Extracted information START

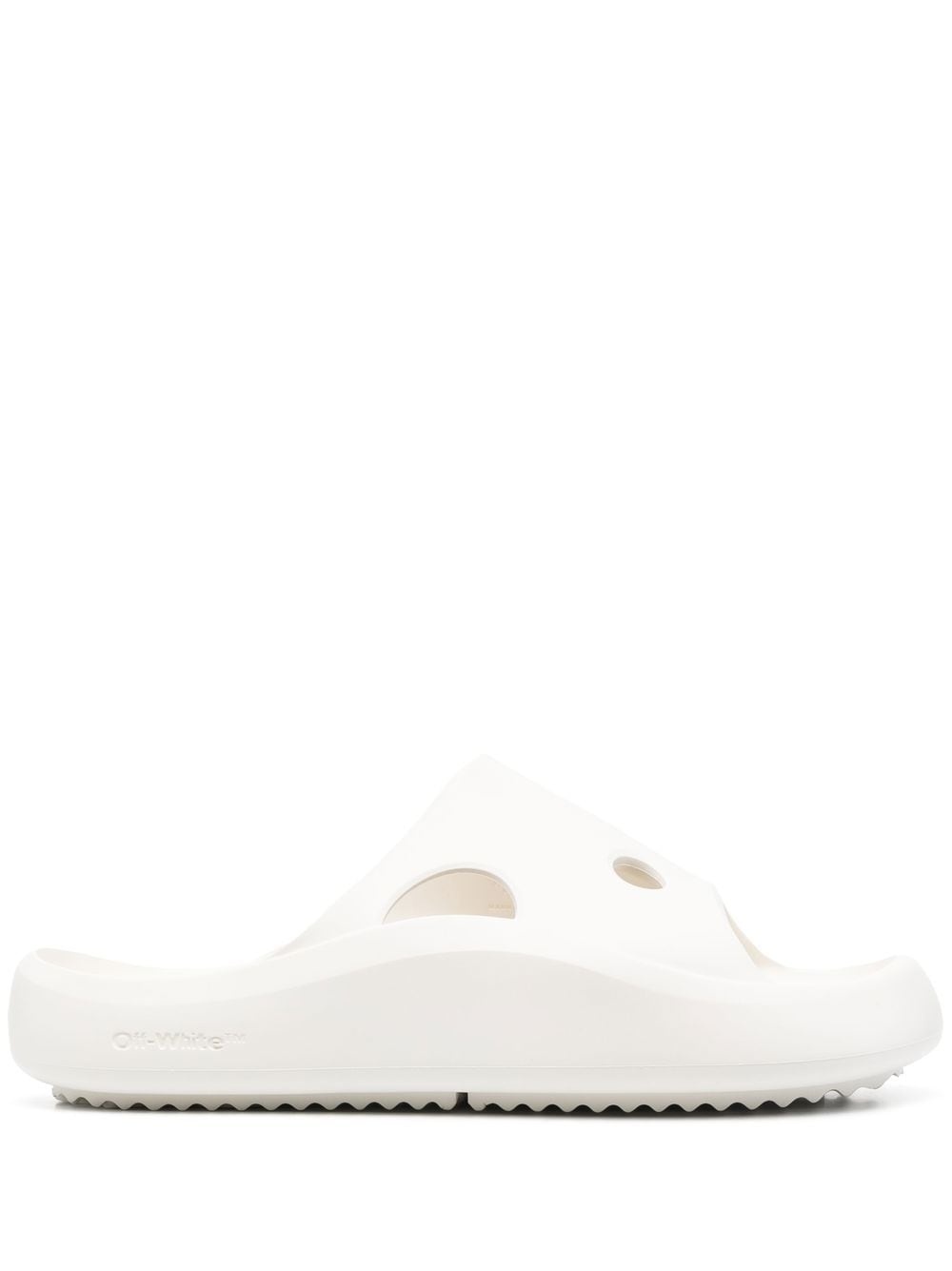 Meteor cut-out slides These slides from Off-White are made recognisable by the brand's signature Meteor cut-out detailing throughout, an iconic style from the street-style label. Highlights - White - Signature meteor cut-out detailing - Open toe - Slip-on style - Flat rubber sole Made in Italy Composition Lining: Polyethylene vinyl acetate (PEVA) 100% Outer: Polyethylene vinyl acetate (PEVA) 100% Sole: Polyethylene vinyl acetate (PEVA) 100% SIZE & FIT Measurement HEEL 1.57 in(4 cm) Sole height 1.37 in(3.5 cm)
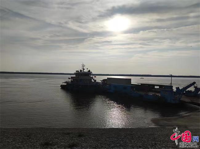 位于荆州二期河道整治工程第13标段的湖北荆州石首三义寺汽渡。中国网记者 彭瑶 摄
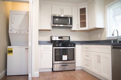Located in a triplex sitting back behind the parcel off the street, this is a completely updated apartment that offers stunning updates. Using high quality materials and thoughtful design the space is truly lovely. Upon entering one is greeted by an impressive white kitchen with quartz countertops and energy efficient stainless steel appliances. Hardwood floors, recessed lighting and double pane windows continue into the main room to help feel the warmth and richness. A stackable washer and dryer is included for convenience.
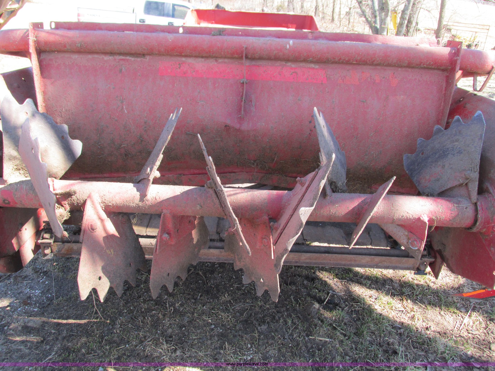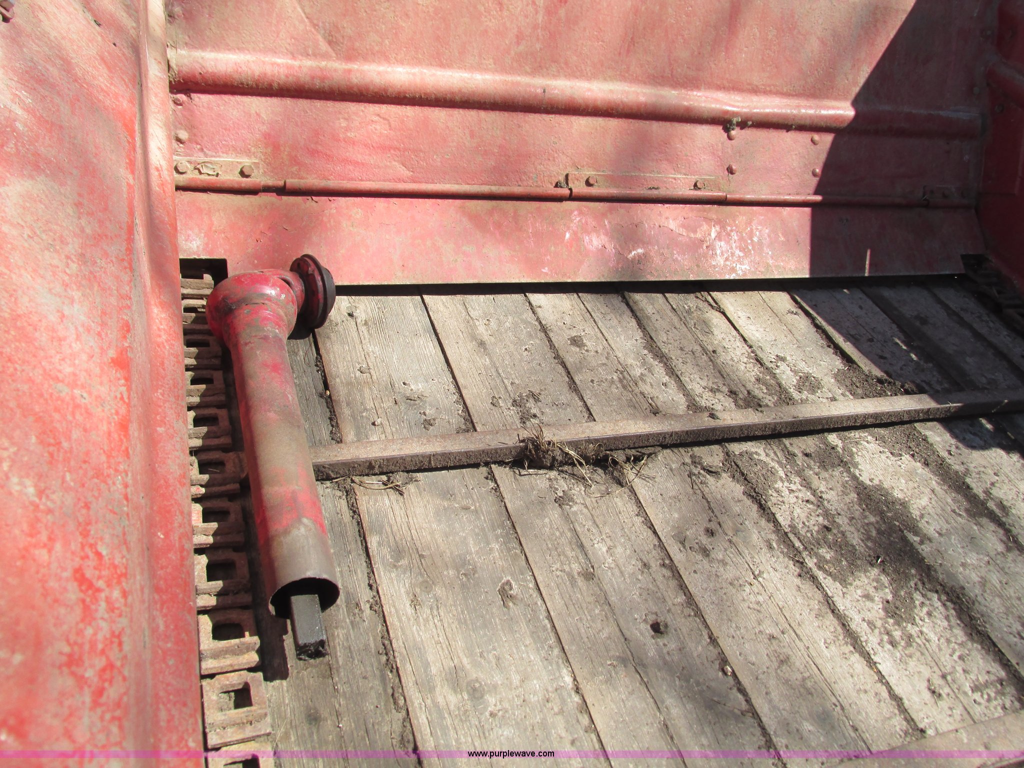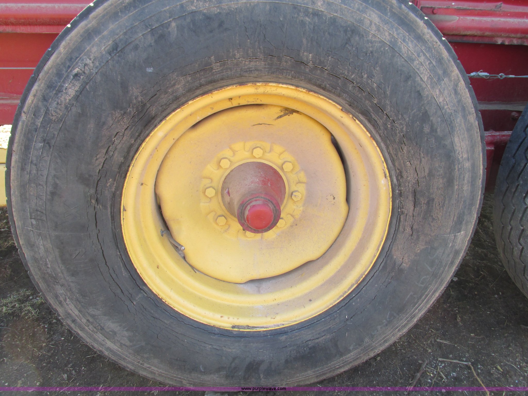 Purple Wave is selling a used Manure Spreader in Missouri. This item is a New Holland 680 manure spreader with the following: Approx. 170"L x 60"W, Wood floor, 540 PTO, Pin hitch, Jack stand, 9R20 tires, Weather cracks on tires
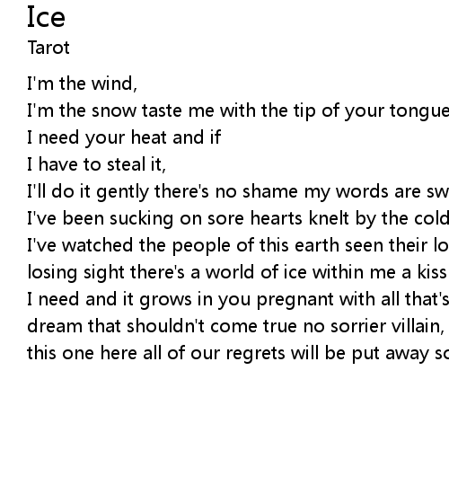 I need and it grows in you pregnant with all that's lost a flower of the moon a dream that shouldn't come true no sorrier villain, a lover more sinister but this one here all of our regrets will be put away soon the ice will be clear |

Extracted information END

Task details
Word for word, repeat the lines above from the one with "位于荆州二期河道整治工程第13标段的湖北荆州石首三义寺汽渡。中国网记者 彭瑶 摄" through the one with "Located in a", and nothing beyond them. Omit the pictures.

Solved exercise
 位于荆州二期河道整治工程第13标段的湖北荆州石首三义寺汽渡。中国网记者 彭瑶 摄
Located in a triplex sitting back behind the parcel off the street, this is a completely updated apartment that offers stunning updates. Using high quality materials and thoughtful design the space is truly lovely. Upon entering one is greeted by an impressive white kitchen with quartz countertops and energy efficient stainless steel appliances. Hardwood floors, recessed lighting and double pane windows continue into the main room to help feel the warmth and richness. A stackable washer and dryer is included for convenience.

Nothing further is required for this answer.